La fièvre soudaine oscillait à présent entre 41 °C et 43 °C. Le disciple d’Esculape trempa l’apyrétique dans une baignoire remplie de glaçons afin de faire diminuer la température interne. Des toux soudaines éclatèrent, intenses et vigoureuses jumelées avec un mal de gorge carabiné, des douleurs musculaires et articulaires s’intensifiant de manière spectaculaire et de la fatigue extrême ; rien ne semblait arrêter l’affermissement de l’affliction et de l’indolence de la protégée du Dr Mendez-Rosario.
Puis, un léger soubresaut d’espoir à une journée du centenaire. Le généraliste devisait à qui voulait l’entendre, lui, un sauveur incarné. Monsieur le curé exprimait hors de tout doute – sa Foi inébranlable - que la Bonté Divine l’imprégnait de l’albédo d’une grâce immaculée dans le ceint couronné de la Vierge Marie. Le maire ventait pour sa part, la qualité des médicaments transportés en toute hâte, se réclamant de la guérison à venir.

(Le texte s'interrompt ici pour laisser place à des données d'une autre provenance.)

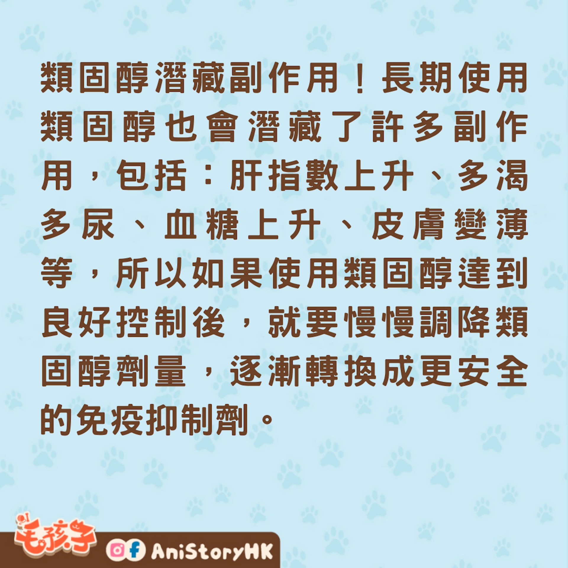 長期使用類固醇也會潛藏了許多副作用,包括:肝指數上升、多渴多尿、血糖上升、皮膚變薄等,所以如果使用類固醇達到良好控制後,就要慢慢調降類固醇劑量,逐漸轉換成更安全的免疫抑制劑。
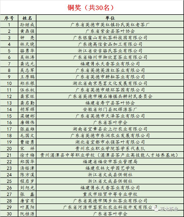 中國(guó)茶葉流通協(xié)會(huì)行業(yè)發(fā)展部主任申衛(wèi)偉、廣東省茶業(yè)行業(yè)協(xié)會(huì)秘書長(zhǎng)張黎明、廣東省農(nóng)業(yè)科學(xué)院茶葉研究所所長(zhǎng)操君喜、英德市人民政府副市長(zhǎng)黃永晨共同為獲得銅獎(jiǎng)選手頒獎(jiǎng)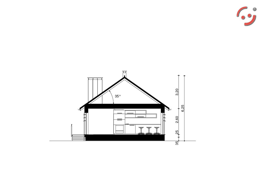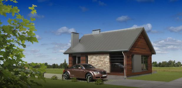 Najmniejszy domek z serii TEC. Pozwala na zagospodarowanie poddasza. Idealny dla singla. Wizualizacje: Rzuty:

Vers 23h20 cette nuit-là, Varinia Xiomara Rodriguez-Ferreira replongeait de nouveau dans les abimes de la maladie et la souffrance perverse. La grippe, presque douée d’une personnalité à elle seule, à la fois persévérante et ignoble envers cette vieille. Le cœur s’arrêta une première fois. Un vigoureux massage prodigué par Dr Mandez-Rosario la ramena momentanément à la vie. Puis, un autre arrêt cardiaque inopiné succéda le premier. Même traitement, sauf que l’arrêt cardiaque et respiratoire dura au moins 3 minutes. Un soulagement collectif emplit la pièce lorsqu’elle retourna au monde des vivants. Pendant un temps, on put conclure faussement que le pire était passé. Jamais deux sans trois, dira-t-on.
Dr Julio-José Mendez-Rosario eut beau y mettre toute l’intensité qu’il le pouvait contre la cage thoracique de la pauvre mémé, au point de lui casser deux côtes du sternum, cependant cette dernière passa au trépas définitif. Il était 23H57.
Dans les jours suivants, la rumeur s’éleva au faîte et à l’effet que le Dr Mendez-Rosario n’était ni plus ni moins, un médecin incompétent et brutal, que les médicaments apportés par le maire étaient sans doute frelatés et inefficaces ou que le curé était un athée de première. D’autres citoyens prétendirent que l’horloge du dispensaire retardait d’au moins 5 bonnes minutes alors que paradoxalement d’autres estimaient que même si elle avait survécu au-delà de minuit ou tout juste après, les arrêts cardiaques ne comptaient pas comme des instants d’existence. Un jeune garçon fit l’observation que si le calendrier avait été un mois de 30 jours, elle aurait eu 100 années, cela ne calma personne. Les esprits s’échauffèrent et des bagarres sanglantes éclatèrent au cœur du village estomaqués par tant de passions.
Le Grand Felipe, le journaliste émérite, rédigea un reportage sur le village au grand détriment de la population locale. Il rapportait dans son article le décès de deux personnes pendant la bagarre et la violence qui sévissait dans ce petit hameau de la Cordillère des Andes.
Incidemment, on apprit plus tard, que la stagiaire s’était fourvoyée. Varinia Xiomara Rodriguez-Ferreira n’avait que 98 ans, tout comme sa jumelle habitant Santiago.